**Exercise aim**
Would you reproduce, word for word, only the lines running from the top of the data through the line containing "おだしにも浸さず、調味料も使", and none of the pictures?

**Provided material**
========================================
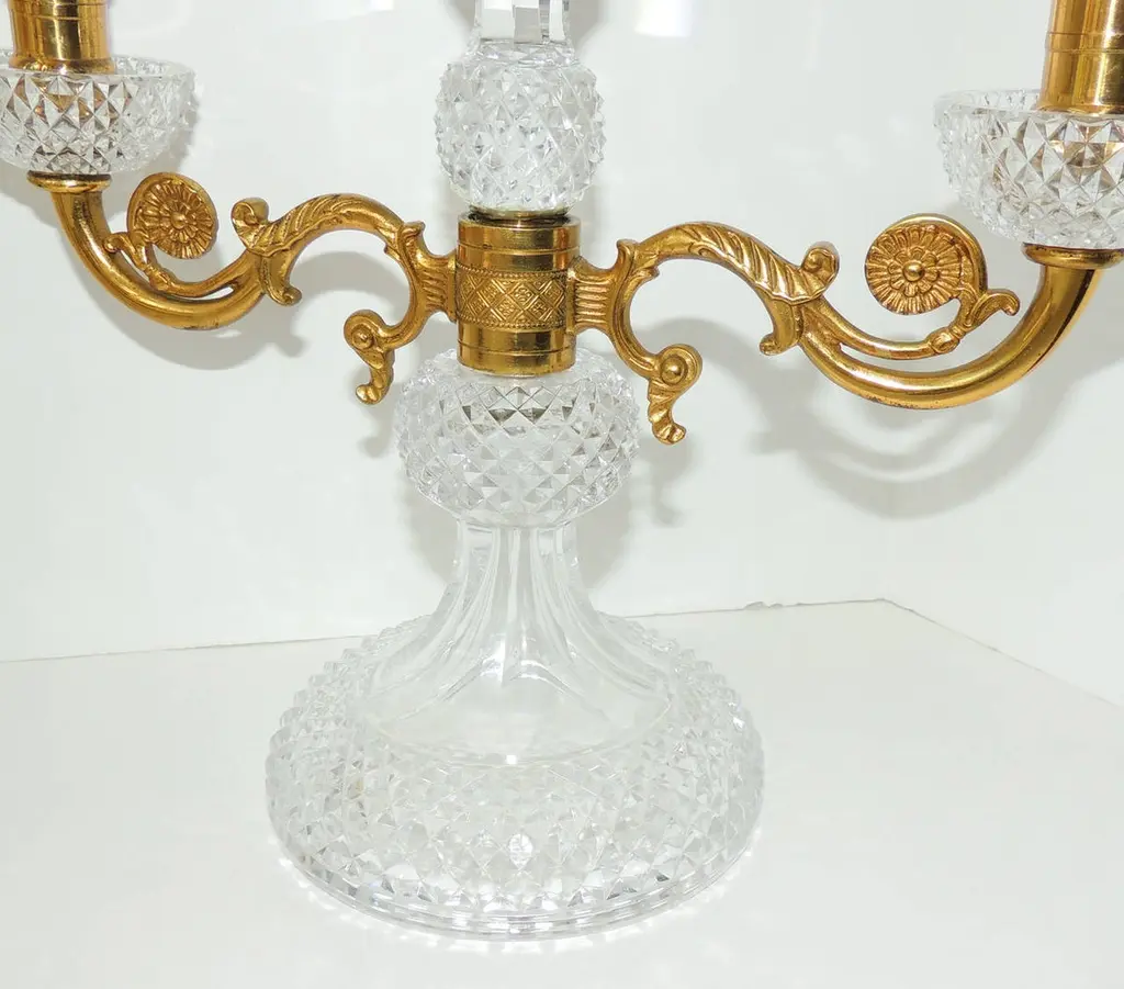 These elegant candelabras have a wonderful spire in the center and beautiful cut crystal that shimmers in the candlelight. The Doré bronze center is intricately decorated with scrolls accenting the arms. In the style / manner of BaccaratMeasures: 19" H x 12" W on 5.5" crystal pedestalTotal of two pairs available, Each pair sold separately.
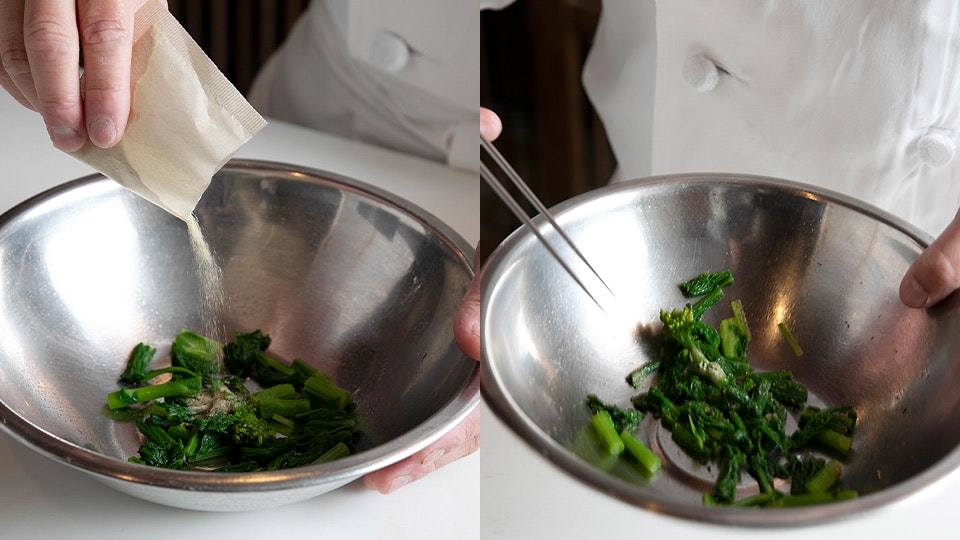 おだしにも浸さず、調味料も使わず、昆布だしをまぶすだけで菜の花の下味をつけます。真昆布や利尻昆布を用いた茅乃舎の昆布だしは、とっても繊細。品のよい味わいを叶えます。
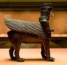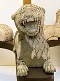 | Figurines en bronze, parties du trône conservé à Saint-Pétersbourg au musée de l'Ermitage, Russie. Les figurines en bronze ont conservé des traces de dorure. Les visages des bêtes sauvages et de la divinité sa trouvant à droite étaient en pierre, probablement incrustés de pierres précieuses, de sorte que tous les visages ont été brisés et non conservés. | ||||
========================================
**Expected answer**
 These elegant candelabras have a wonderful spire in the center and beautiful cut crystal that shimmers in the candlelight. The Doré bronze center is intricately decorated with scrolls accenting the arms. In the style / manner of BaccaratMeasures: 19" H x 12" W on 5.5" crystal pedestalTotal of two pairs available, Each pair sold separately.
 おだしにも浸さず、調味料も使わず、昆布だしをまぶすだけで菜の花の下味をつけます。真昆布や利尻昆布を用いた茅乃舎の昆布だしは、とっても繊細。品のよい味わいを叶えます。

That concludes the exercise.